Wachsende weltweite Protestbewegung wegen zunehmender Warenknappheit

Der Stellvertreterkrieg der USA und der Nato gegen Russland in der Ukraine hat eine Welle von Sozialprotesten gegen die steigenden Lebenshaltungskosten ausgelöst, in der sich auch die erbitterte Wut der Arbeiterklasse über soziale Ungleichheit und die verheerenden Auswirkungen der anhaltende Corona-Pandemie äußert. Die Protestwelle wird jeden Tag größer, da die Arbeiterklasse auf die sozialen Auswirkungen des Kriegs und der Sanktionen der USA und der EU reagiert. Durch die Sanktionen wurden die Lieferketten zerrissen und das Schwarze Meer für Exporte von russischem, ukrainischem und belarussischem Speiseöl, Getreide und Dünger gesperrt.

Ein Arbeiter füllt Regale im Heinen Fine Foods Store in Pepper Pike (Ohio) auf.
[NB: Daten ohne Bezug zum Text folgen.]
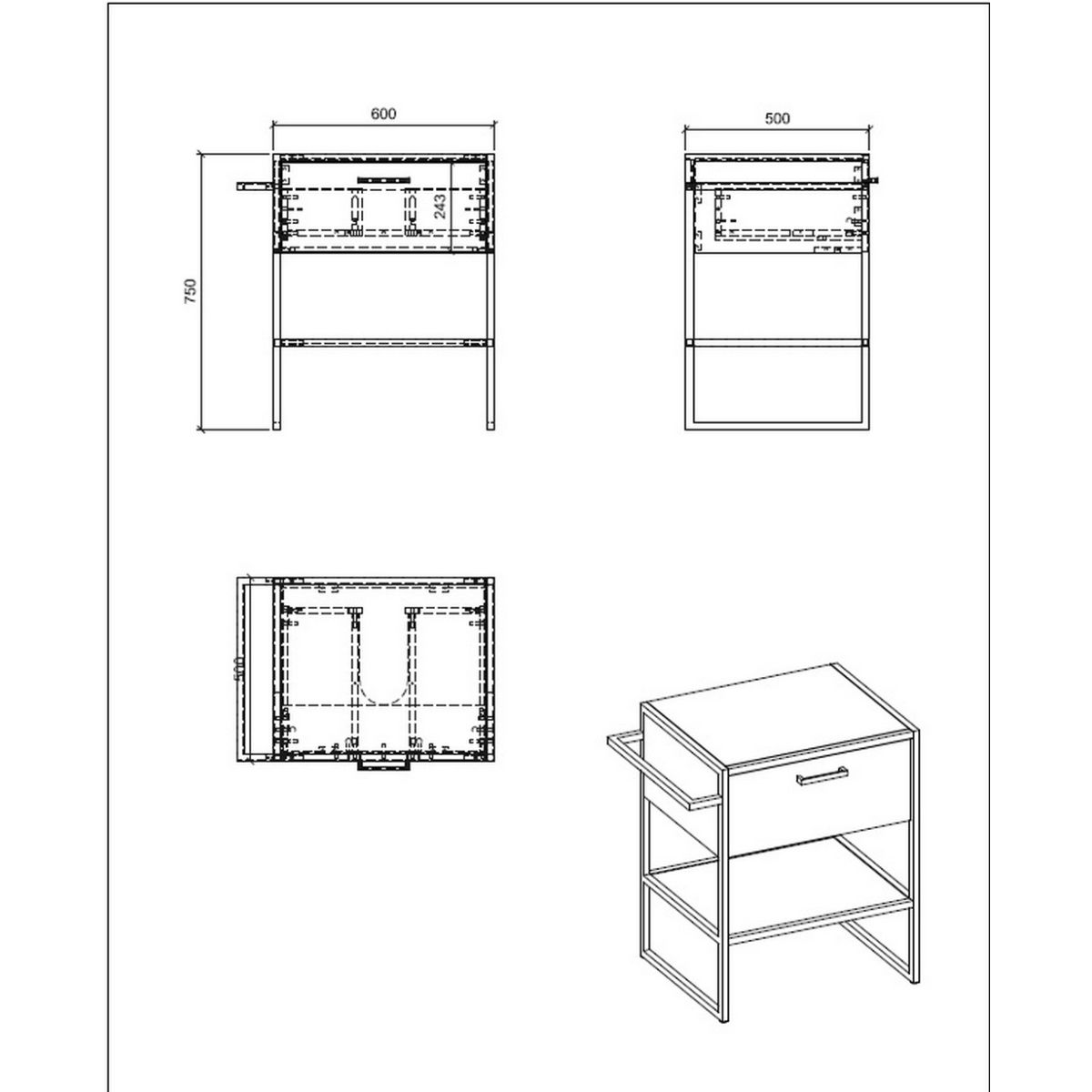 - material del armario: tablero laminado de 16 mm / marco de metal

Aufgenommen am 13. Januar 2022. (AP Photo/Tony Dejak)

Am Freitag kündigte die Ernährungs- und Landwirtschaftsorganisation der Vereinten Nationen (FAO) an, dass der globale Preisindex für Nahrungsmittel im März um 12,6 Prozent im Vergleich zum Februar gestiegen ist. Im Februar befand er sich bereits auf dem höchsten Stand seit 1990. Der stellvertretende Direktor des FAO, Josef Schmidhuber, erklärte vor der Presse, die Lebensmittelknappheit könnte weltweite Proteste auslösen: „Das ist wirklich bemerkenswert. ... Es gibt massive Versorgungsausfälle.“

Imperialistische Mächte besorgt wegen der wachsenden Protestwelle

In den imperialistischen Hauptstädten wächst die Sorge, dass der Kriegskurs große soziale Unzufriedenheit auslöst. Diese könnten die Pläne zur Unterwerfung Russlands gefährden, welche die imperialistischen Mächte trotz der Gefahr eines Dritten Weltkriegs verfolgen.

Das Magazin Politico veröffentlichte am 6. April einen Artikel mit dem Titel „US struggles to contain a deepening global food crisis“ („USA versuchen ausufernde globale Nahrungsmittelkrise einzudämmen“). Unter Berufung auf einen hohen Mitarbeiter des US-Senats hieß es darin: „Wir sehen den Sturm aufziehen und wir fühlen uns darauf nicht vorbereitet.“ Weiter hieß es in dem Magazin: „Die diplomatischen Vertretungen der USA stehen in engem Kontakt mit Ländern, in denen der Bevölkerung eine zunehmende Ernährungsunsicherheit droht“ – aus Sorge vor der wachsenden Protestbewegung.

Allerdings sind Washingtons Versuche, die Bewegung einzudämmen, wirkungslos, weil viele Republikaner sämtliche Zahlungen von Hilfsgeldern ablehnen und keiner der wichtigsten Verbündeten der USA bereit ist, etwas von seinen eigenen Nahrungsmittelreserven abzugeben. Washingtons Verbündete befürchten ihrerseits, dass steigende Preise zu Streiks und Protesten in den imperialistischen Metropolen führen.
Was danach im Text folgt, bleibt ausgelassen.